Dans les années 1970, les travailleurs avaient subi des défaites importantes et certains syndicats se sont éclatés selon des critères raciaux. Le Congrès des syndicats de Fidji a conclu un accord tripartite en 1976 avec le gouvernement et les employeurs, arguant qu’il donnerait aux travailleurs une plus grande influence sur l’économie. Mais au début des années 80, les travailleurs reculaient sous les attaques croissantes de la classe dirigeante. Le Congrès des syndicats a été contraint d’abandonner la configuration tripartite, mais au lieu de procéder à des grèves nationales planifiées, sa direction autour de Mahendra Chaudhry s’est orientée vers le parlement, fondant le Parti travailliste fidjien en 1985.

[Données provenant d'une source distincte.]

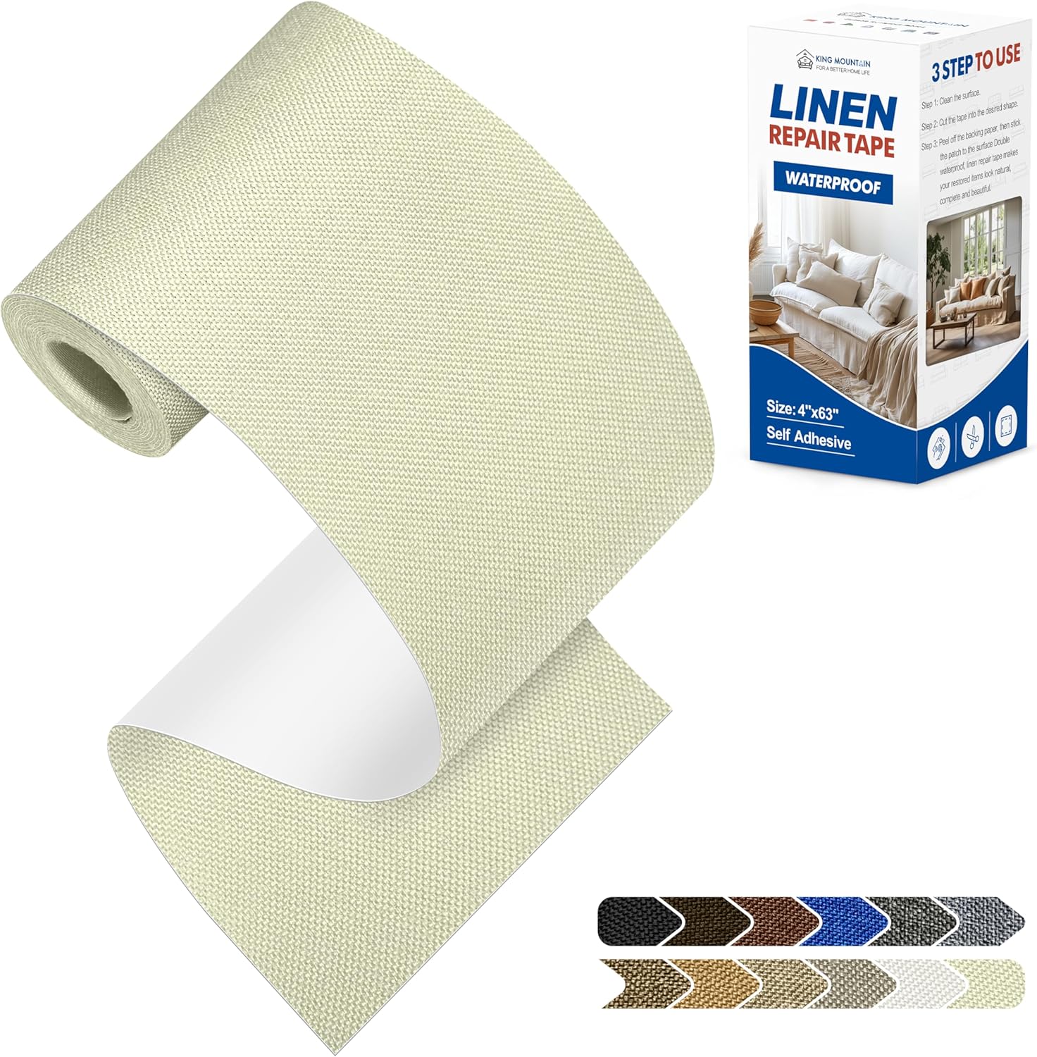 KING MOUNTAIN Linen Repair Patches, Self-Adhesive Fabric Patches, 4 X 63 inch Extra Size, Multi Color, Can be Used for Sofa Repair and Linen Clothes Repair (Beige2.0)

Le manque de contrôle de la chefferie sur l’industrie a rendu le contrôle du parlement crucial pour son poids dans la société fidjienne moderne. L’Alliance a perdu les élections de 1987 au profit d’une coalition du Parti travailliste fidjien et du Parti de la Fédération nationale. En représailles, il a soutenu deux coups d’État dirigés par le colonel Sitiveni Rabuka. Rabuka a justifié ses coups d’État en affirmant qu’il rétablirait la suprématie des Fidjiens indigènes. Les chefs firent entrer Rabuka dans leurs rangs, réorganisèrent l’Alliance en Soqosoqo ni Vakavulewa ni Taukei (parti SVT) et a regagné le gouvernement avec Rabuka comme Premier ministre.

Mais la vie des Fidjiens ordinaires a continué de se détériorer et, en 1999, le Parti travailliste et le Parti de la Fédération nationale ont de nouveau remporté le gouvernement, Chaudhry devenant le premier Premier ministre indien des Fidji. En 2000, les chefs ont soutenu un coup d’État civil et le « mouvement Taukei » suprémaciste fidjien pour renverser le gouvernement de Chaudhry. Le SVT est devenu le Parti libéral social-démocrate (plus tard rebaptisé SODELPA) et a pris ses fonctions.

Le commodore Frank Bainimarama s’est fait connaître lors de ce coup d’État. Il ne faisait pas partie de la chefferie, mais avait plutôt gravi les échelons de l’armée. Fidèle à l’État, il a survécu à une tentative de mutinerie et a aidé à mettre fin au coup d’État. En 2006, le gouvernement SDL a décidé de gracier ses dirigeants. Chaque coup d’État avait provoqué des troubles économiques et sociaux, et craignant que la grâce ne risque de déstabiliser davantage une économie déjà affaiblie, Bainimarama a renversé le gouvernement SDL et s’est lui-même emparé du pouvoir.

Le régime de Bainimarama a démantelé une grande partie de la configuration politique post-indépendance, qui avait entravé le développement et la stabilité à long terme du capitalisme fidjien. En 2012, il a aboli le Grand Conseil des chefs et en 2021 a introduit des réformes agraires qui ont sapé les conseils fonciers traditionnels et rendu la terre plus accessible aux capitaux étrangers.

La constitution de 2013 a aboli le système électoral communal et Bainimarama a depuis promu une identité nationale « multiraciale ». Cela lui a valu le soutien de la population indienne, sapant la base du Parti de la Fédération nationale et du Parti travailliste fidjien. Il a attiré l’ire des chefs de Fidji, ainsi que de Rabuka et de la SODELPA, qui se sont engagés à rétablir le Grand Conseil des chefs et le système communal, et à réaffirmer la « suprématie fidjienne » indigène s’ils sont élus.